The authors investigated a new nutraceutical, AO+EVOO+OLE mixture, on lipid stability and the effect of supplementation on cardiac and metabolic tissues in aged rats for 21 days (3 weeks).

Strengths:

This study investigates the stability of a high PUFA nutraceutical with the addition of olive leaf extract over a period of a year measuring multiple oxidative, lipid, and polyphenolic compounds.  The stable mixture of AO+EVO+OLE mixture was then tested in vivo on old rats of various physiological factors (inflammation, insulin resistance, sarcopenia, contractility) in blood and multiple tissues: heart, aorta, skeletal muscle, liver and adipose tissue.  Lipids, miRNA, and mRNA of inflammatory markers and enzymes were measured in tissues.

Weaknesses:

Minor weaknesses are noted below.

General

1. Unnecessary capitalization of words (example line 187).
2. Sentences with numbers need to be spelled out. Example line 192.

Abstract

1. Line 7: decreasing makers of inflammation and oxidative stress. Since you didn’t directly measure inflammation and oxidative stress in tissues, it needs to be clearly stated that you measured markers (mRNA of cytokines and oxidative-stress related enzymes) of inflammation and oxidative stress throughout the paper.

Introduction

1. The introduction is very long; I suggest condensing and discussing the last three paragraphs first.
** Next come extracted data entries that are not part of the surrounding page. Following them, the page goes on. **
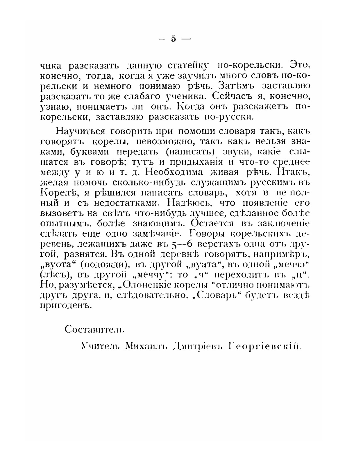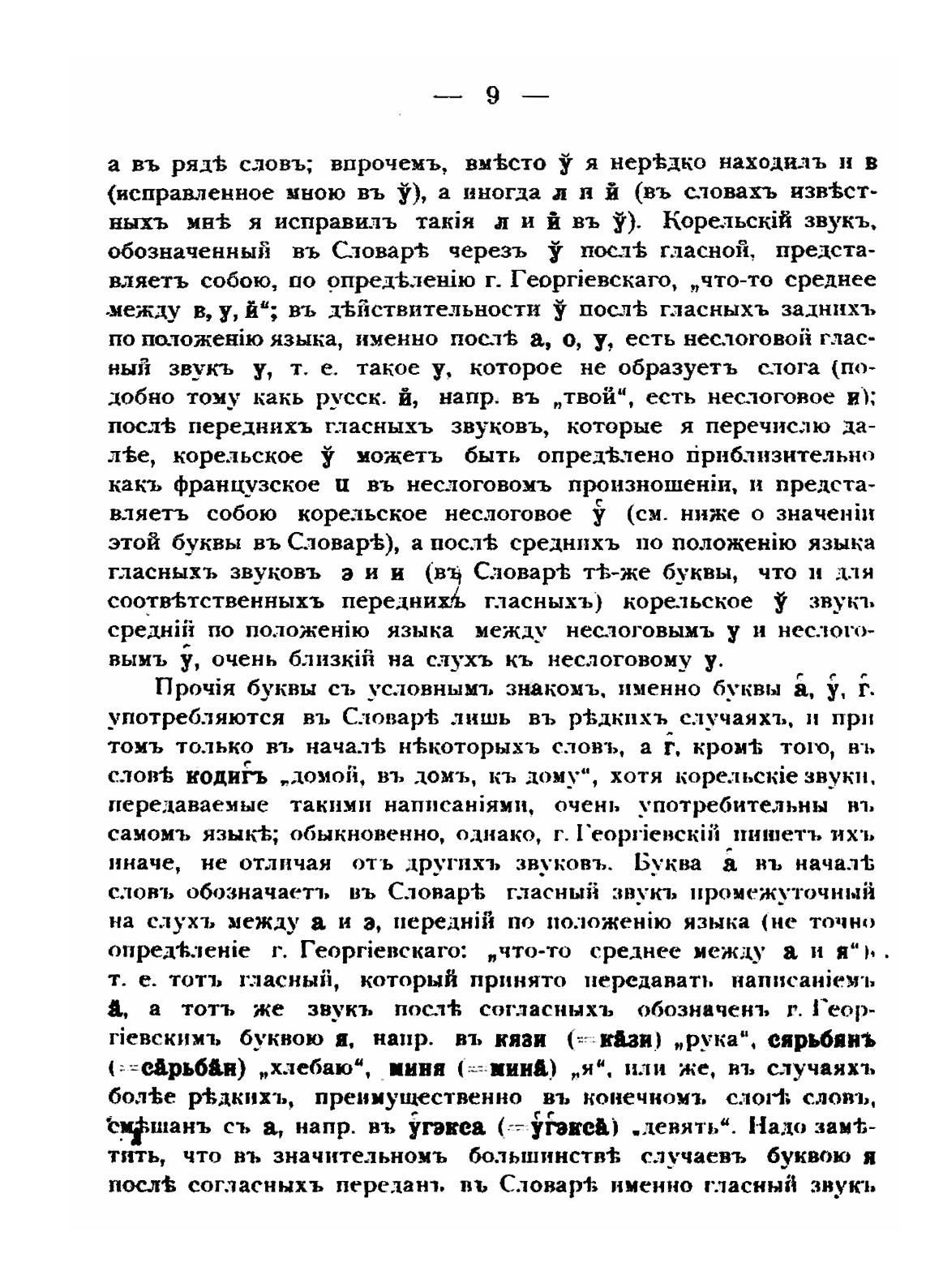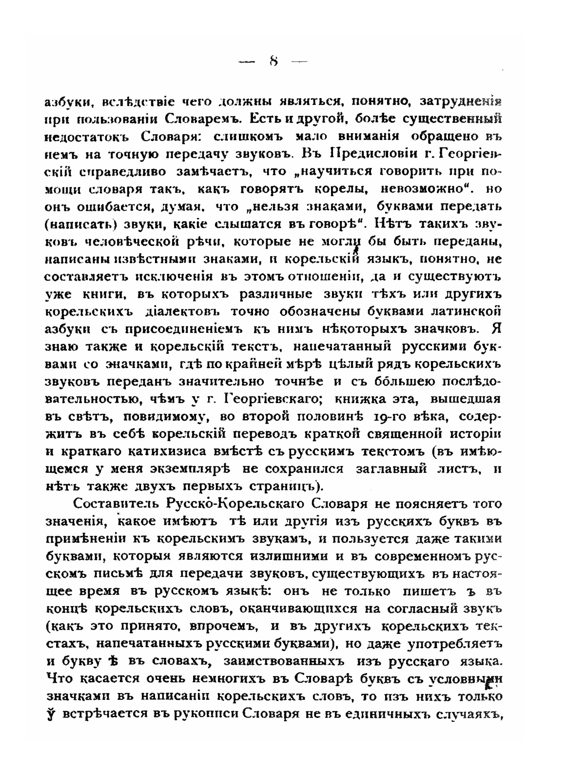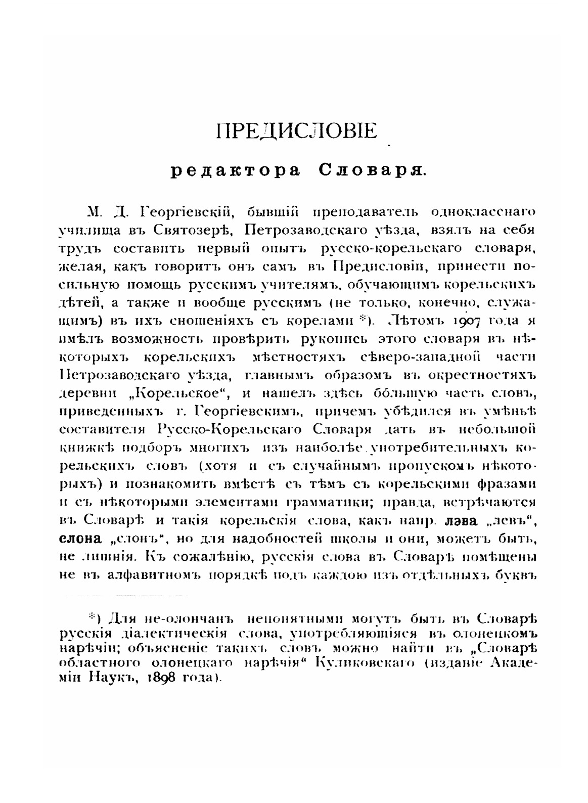 До 90-х годов ХХ века карельская письменность была развита слабо, причем на её развитие влияли «разнонаправленные» усилия: деятельность православной церкви, русских, финских лингвистов. В книгоиздании использовали как кириллический шрифт, так и латинский.Данный словарь составлен учителем Святозерского одноклассного училища М. Д. Георгиевским для нужд учителей и служащих, работавших в Карелии, поэтому из практических соображений карельские слова приводятся на кириллице. И автор и редактор признают что в ряде случаев кириллица не совсем правильно передает фонетические особенности карельского языка, поэтому в предисловии приведены некоторые примечания к чтению карельской части словаря.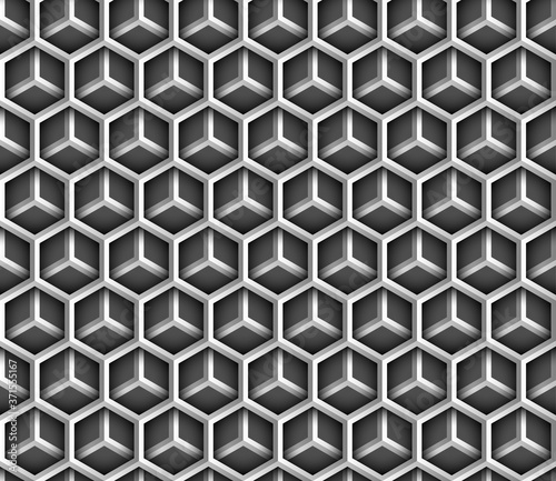Fototapeta premium Abstract geometric metal hexagon seamless pattern background. Vector...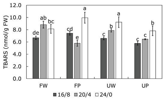 Changes in content of thiobarbituric acid reactive substances (TBARS, nmol/g FW) measured in Cannabis cultivars Finola (F) and USO31 (U) exposed to 16/8, 20/4, and 24/0 photoperiods and grown under white (W) and purple (P) light. Results are shown as mean of five independent measurements (n = 5) ± SD. Different letters represent significant differences at p ≤ 0.05 (ANOVA, LSD); LSD = 0.187.

Need to focus on the nutraceutical and then what you plan to measure.
2. Some awkward sentences (line 40-41 for example) and incorrect citation style line 119.

Materials and Methods

1. Need to briefly describe 2.2.4 and calculation of PV and AV.
2. Need to elaborate on 2.3.8.

Results

1. Minor typos need to be corrected: example line 355 and cyclooxygenase in figure legends.
2. Body weights and food intake need to be included in table 2.
3. Need to rephrase aging-induced. Do no use aging; three weeks of intervention is not long enough for aging, but comparison between aged or older animals compared to young can be compared.  I suggest using age-induced or age related,  aged, or older mice.
4. Use percent instead of % symbol, line 438.
5. Explain why miRNA values of young are all 100.0. How is this possible?
6. Line 488; insulin as well as vehicle did not cause an increase in p-AKT in gastrocnemius and epididymal adipose tissue.
7. Explain why all control animals do not have the same p-AKT induction between young, old, and old+oil mixture (figure 3A).
8. Figure 3C and D-magnification the same and adipocytes larger?
9. Insulin values in figure 7: change to micromolar instead of molar 10-7 M.

Discussion

1. Correct typos (example line 656).
2. Clarify the fact that you cannot make definitive assumptions about the separate compounds and the synergistic effects b/c it wasn’t determined in this study and can be speculative in comparing other studies with separated compounds.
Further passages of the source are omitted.